Description of the task:
Only the lines from the top of the listing below to the line that has "2024 Bowman Sapphire" should be echoed, with both ends kept and pictures left out.

BEGIN Data

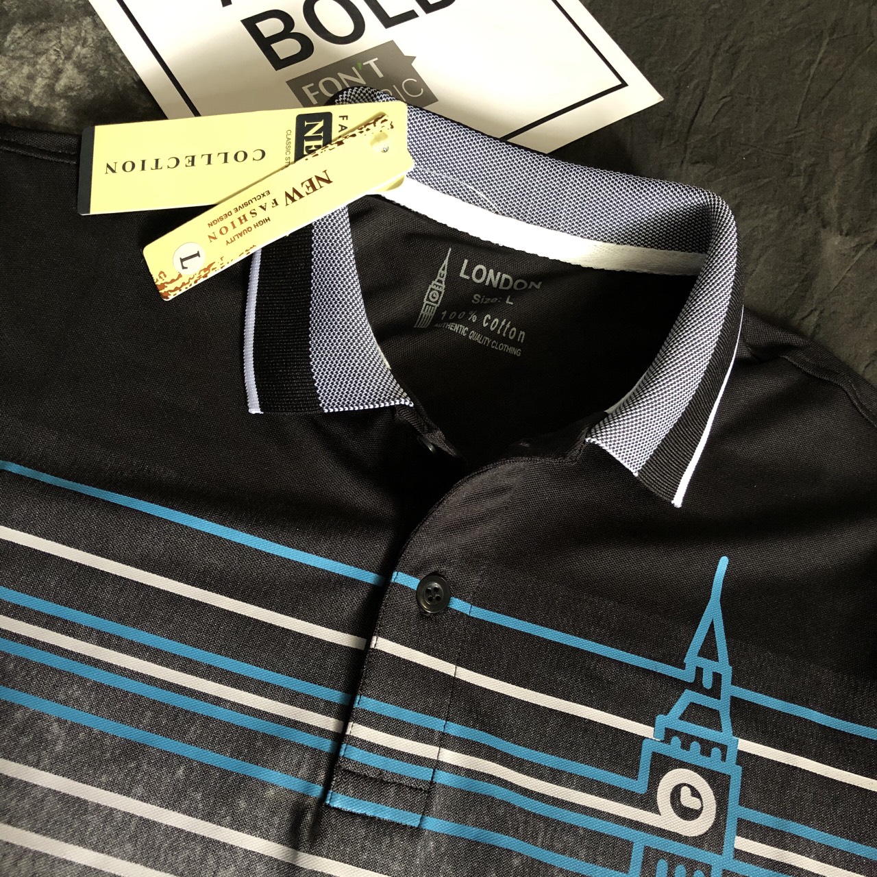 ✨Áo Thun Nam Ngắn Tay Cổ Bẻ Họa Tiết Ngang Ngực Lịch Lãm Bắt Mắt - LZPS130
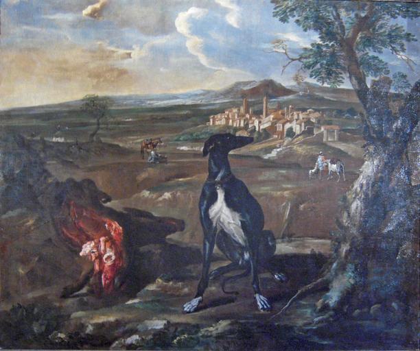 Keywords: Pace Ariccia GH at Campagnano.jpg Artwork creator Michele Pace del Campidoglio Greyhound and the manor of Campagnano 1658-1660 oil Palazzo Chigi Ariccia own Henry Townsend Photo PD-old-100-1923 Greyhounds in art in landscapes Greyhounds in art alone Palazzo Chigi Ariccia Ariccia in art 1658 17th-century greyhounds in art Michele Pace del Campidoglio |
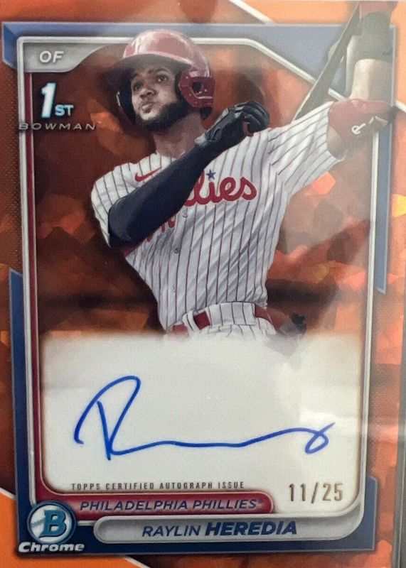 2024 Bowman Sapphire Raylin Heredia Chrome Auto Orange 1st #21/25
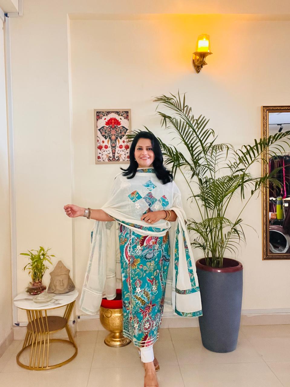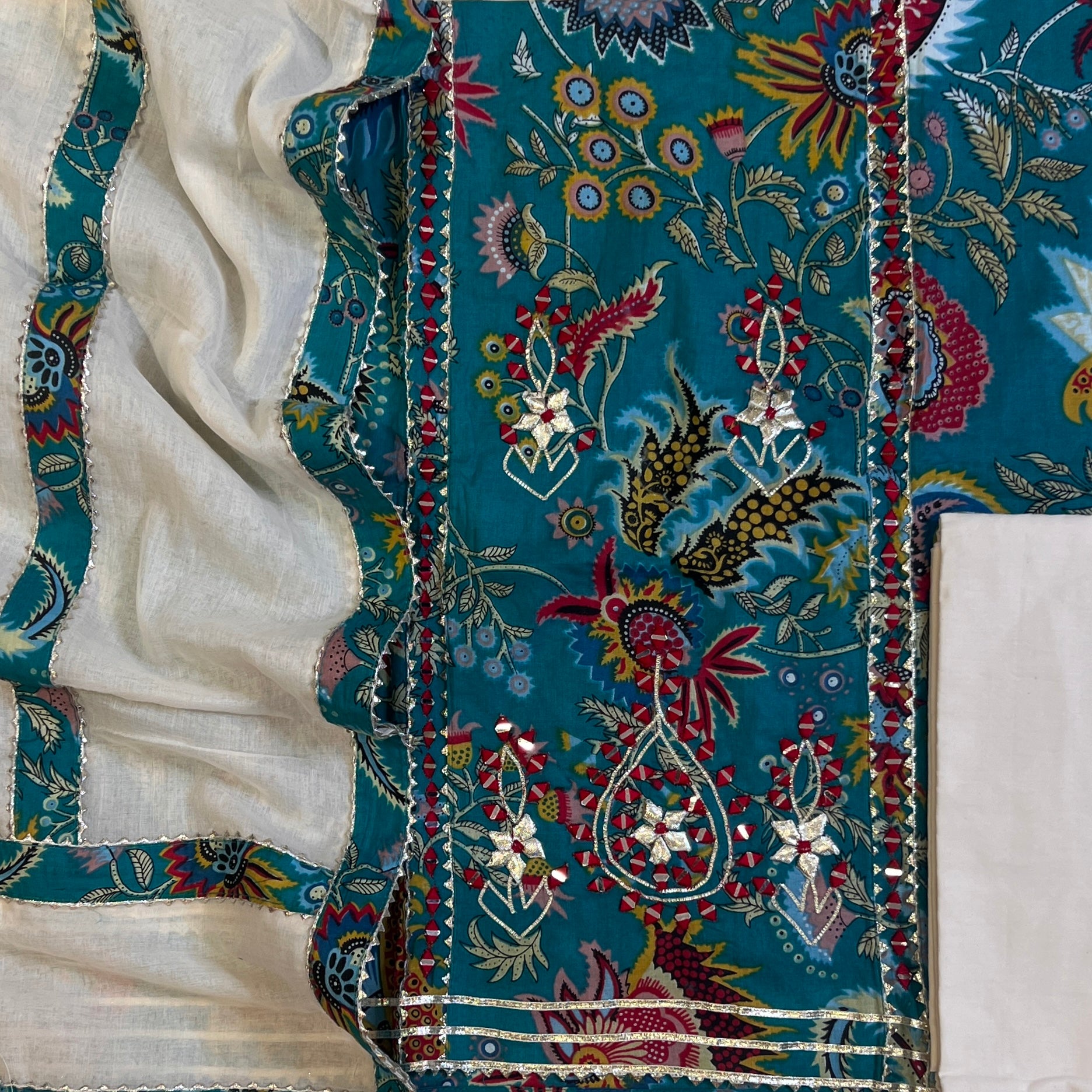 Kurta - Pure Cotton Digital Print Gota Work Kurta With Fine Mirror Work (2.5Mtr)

END Data

Response box:
 ✨Áo Thun Nam Ngắn Tay Cổ Bẻ Họa Tiết Ngang Ngực Lịch Lãm Bắt Mắt - LZPS130
 Keywords: Pace Ariccia GH at Campagnano.jpg Artwork creator Michele Pace del Campidoglio Greyhound and the manor of Campagnano 1658-1660 oil Palazzo Chigi Ariccia own Henry Townsend Photo PD-old-100-1923 Greyhounds in art in landscapes Greyhounds in art alone Palazzo Chigi Ariccia Ariccia in art 1658 17th-century greyhounds in art Michele Pace del Campidoglio |
 2024 Bowman Sapphire Raylin Heredia Chrome Auto Orange 1st #21/25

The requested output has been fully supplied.